Я кивнула: — А король тогда у нас…?
— Людовик Пятнадцатый… Возлюбленный.
— Кем? — не поняла я, потом сообразила: — А-а… это прозвище. Хорошее время. Спасибо, Дешам. А Россия, что там у них?
— Россией правит женщина, — напряженно смотрел он на меня, — а еще они избрали путь не истинной религии.
— Исчерпывающе, — пробормотала я, — а вы что — настолько религиозны?
— Это только между нами, Мари, — чуть расслабился и даже усмехнулся мужчина: — После «красного» человека я сторонник научного взгляда на мир. Хотя понимаю, что должно бы наоборот…
— Мы уклонились от темы, — напомнила я, — а нельзя ли часом расспросить часового, которого оставил тогда у домика Гаррель? Только не нужно резких движений, пожалуйста! Ваше заступничество, а не дай Бог и дуэль, будут означать огласку, а мне она не нужна. Не важно даже имя, а просто хочу знать — не болен ли он?
— Опять вы странно говорите! — прикрыл он глаза, — все офицеры полка здоровы. У большей половины в городе или ближайших поселениях чистые содержанки. Или семьи. И я не представляю себе аристократа в образе насильника… а если все же — нижний чин?
— Не думаю. Гарреля уважают, но часовой ослушался его — похоже, подчинился приказу высшего чина. А еще я помню дорогие духи… И к вопросу о «не представляю» — мой муж тоже был аристократом. Опросите, пожалуйста, часового. Буду очень вам благодарна.

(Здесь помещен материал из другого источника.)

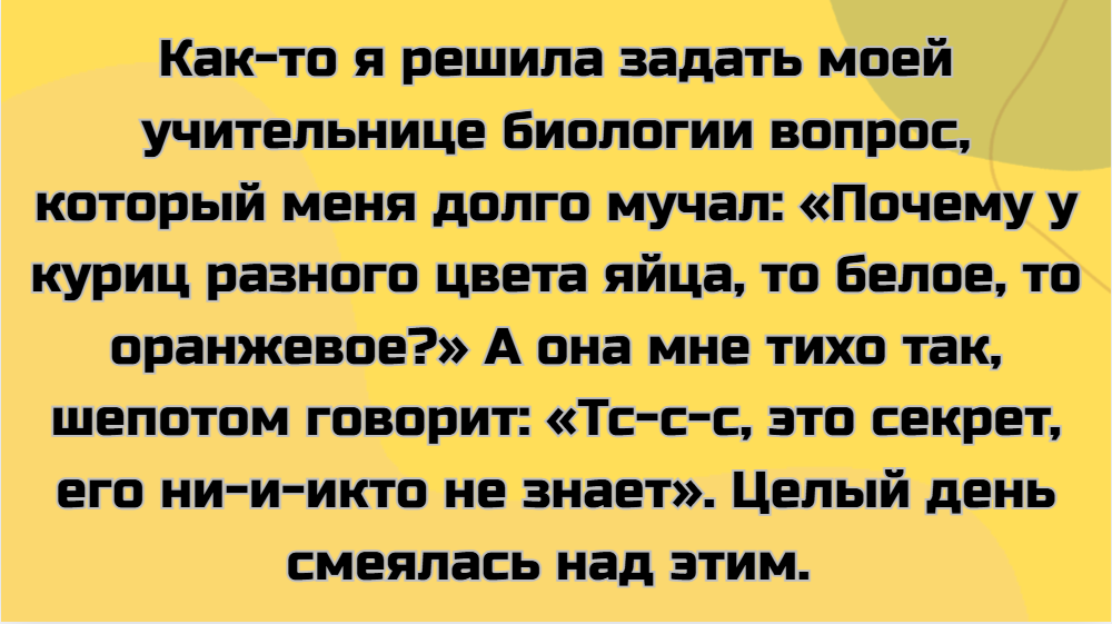 - У нас была училка, которая всегда ходила на уроки со своим загадочным термосом. Когда она была не в духе, всегда говорила: «Сейчас глотну, хоть успокоюсь». Все ломали голову: ну что там? Дорогой кофе? Травяной чай? Как-то она вышла из класса, и мы сразу побежали к ее столу, чтобы посмотреть. Друг осторожно открыл термос, и тут резкая вонь, но запах чертовски знакомый! Друг аж отшатнулся и заорал на весь класс: «Боже, да это же щи!»

— Непременно… Ваш муж был недостойным человеком, но еще и стариком, Мари. То, что мужчина способен быть с женщиной, еще не означает, что его семя жизнеспособно.
— Он подкладывал свою жену и под других, Жак… про одного знаю доподлинно. Простите за такие подробности. Но вы заставили меня задуматься… спасибо, — поднялась я, тяжело опираясь на руку доктора.
— Но если все же — так…? Что именно вы собираетесь предпринять в этом случае? — ровно интересовался Дешам.
— Я подумаю, — пообещала я, — не будем спешить с диагнозом.
— Мне кажется иногда, что вы намного страшнее «красного» человека, Мари. От вас порой мороз по коже, — так же ровно отметил он, — прячьте себя старательнее. И побольше женской глупости. Соответствуйте, в конце концов, своему возрасту, — расстроено качал он головой, — иначе…
По возвращению в лагерь меня снова потянуло в палатку — временный, но уже только мой дом. Неистребимо это в нас, наверное — обустроить, украсить, обуютить…
Там произошли изменения — на перинке лежала еще одна такая же и я поняла, что это просто пуховые одеяла, но теплые, зимние, что ли? Новая подушка. Простое постельное бельё стопочкой — без вышивок и кружев, но добротное, из беленого льна. Мои баулы бросили возле небольшого сундука, обтянутого темной кожей.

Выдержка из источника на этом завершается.